The research group suggests that instead of designing training programs based on nuances in hormone response, they need to be designed to maximize protein synthesis through muscle fiber loading and nutrition.
Dr. Phillips and his researchers are very outspoken that the exercise physiology community went wrong in accepting the idea that the “anabolic” hormone response to training builds muscle.
How did this happen?
“It was accepted without any data! People just looked at the increase in T, GH, and IGF-1 and said ‘Hey they're 'growth hormones' that's how hypertrophy works!’ without every looking to actually test the hypothesis,” writes Phillips.
He says that his lab will continue to generate data to refute the thesis—they just came out with a large study that showed a weak correlation between cortisol, GH and muscle fiber cross-sectional area, with no relationship between testosterone and hypertrophy or strength.
“It seemingly takes more than the 5 to 6 well-designed studies we've done to convince those who ‘believe’ (it's almost a religious construct because in the absence of actual data you have to believe) that a rise in hormones that last about 15 to 30 minutes could exert a meaningful effect.”
Phillips explains that people often point to the “steroids argument" that enormous doses of supplementary testosterone increases muscle and strength. “That's a completely different paradigm and people who use that as an argument need a lesson in circular logic and deductive reasoning!” he writes.
Of course, it all comes down to identifying what works so we can get leaner, stronger, bigger, and perform better athletically. Here are a few take away points from Drs. Phillips and West:
• To drive hypertrophy in the short term, the key is to maximize protein synthesis. A threshold volume of training is critical to enhance protein synthesis pathways. For example, research shows that activation of certain muscle building pathways (called p70s6K1) are rejuvenated by taking protein 24 hours after training, particularly if a greater volume (at least three sets to failure) is performed.

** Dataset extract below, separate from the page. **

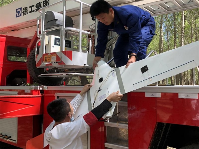 原來(lái),6月4日11時(shí)30分許,曹先生來(lái)到赤峰市寧城縣汐子鎮(zhèn)北山咀村準(zhǔn)備進(jìn)行水域測(cè)繪,航拍的過(guò)程中,價(jià)值30多萬(wàn)元的無(wú)人機(jī)突然消失了,曹先生四處尋找,才發(fā)現(xiàn)無(wú)人機(jī)被掛到了一棵很高的樹(shù)枝上,反復(fù)操作多次,無(wú)人機(jī)始終沒(méi)有動(dòng)靜,疑似被卡住了,一籌莫展的他撥打了報(bào)警電話。赤峰市消防救援支隊(duì)寧城縣哈河大街消防救援站接到報(bào)警后,立即出動(dòng)1輛32米登高平臺(tái)消防車及4名消防員趕赴現(xiàn)場(chǎng)進(jìn)行救助。
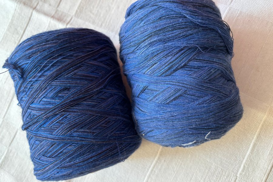 Blått stränggarn. Det ena är ministränggarn och det andra är vanligt stränggarn. Vikt 810 gram.

• Post-exercise nutrition in the form of protein ingestion is critical and can markedly increase the protein synthesis response. Milk protein is superior to soy or carbs. Evidence from other scientists shows whey, which is derived from milk, is the best protein source of all.
• In speculating on the significance of the hormone response to resistance training, Dr. West suggests it could be to help mobilize fuel sources to meet the energy demands of the exercise. It’s also possible exercise-induced hormones like GH and IGF-1 help to remodel connective tissues, which could be relevant for maximal strength, since stronger connective tissue could enhance the ability to endure higher training loads.
• Measuring testosterone (T) can be useful in order to assess training motivation and readiness to perform or compete. This was not addressed by the McMaster research group, but scientists from Imperial College in London found that T levels are relevant for athletes with high levels of baseline strength.
For example, one study showed that in male athletes with high strength levels (1RM squat of 2 times body weight), free T was a strong individual predictor of squat and sprinting performance. For weaker athletes (1RM squat of less than 1.9 times body weight), free T was a poor predictor of performance.
• A variety of studies have shown that athletes with higher T levels before training or competition will perform better and are more likely to win. This holds true for men and women: A recent study of pre-workout T levels in elite netball players showed that T was positivity correlated with self-selected squat and bench press workload and maximal medicine ball throw performance.
• Light load training to failure has been shown to trigger a similar degree of hypertrophy as heavy load training in untrained individuals. This shows that lighter loads with adequate volume can be used to build or maintain muscle mass in the general population, and it’s particularly relevant for older people.
• For athletes, a high degree of maximal strength is clearly advantageous. For advanced trainees, heavier loads appear to be superior because they result in greater neuromuscular adaptations.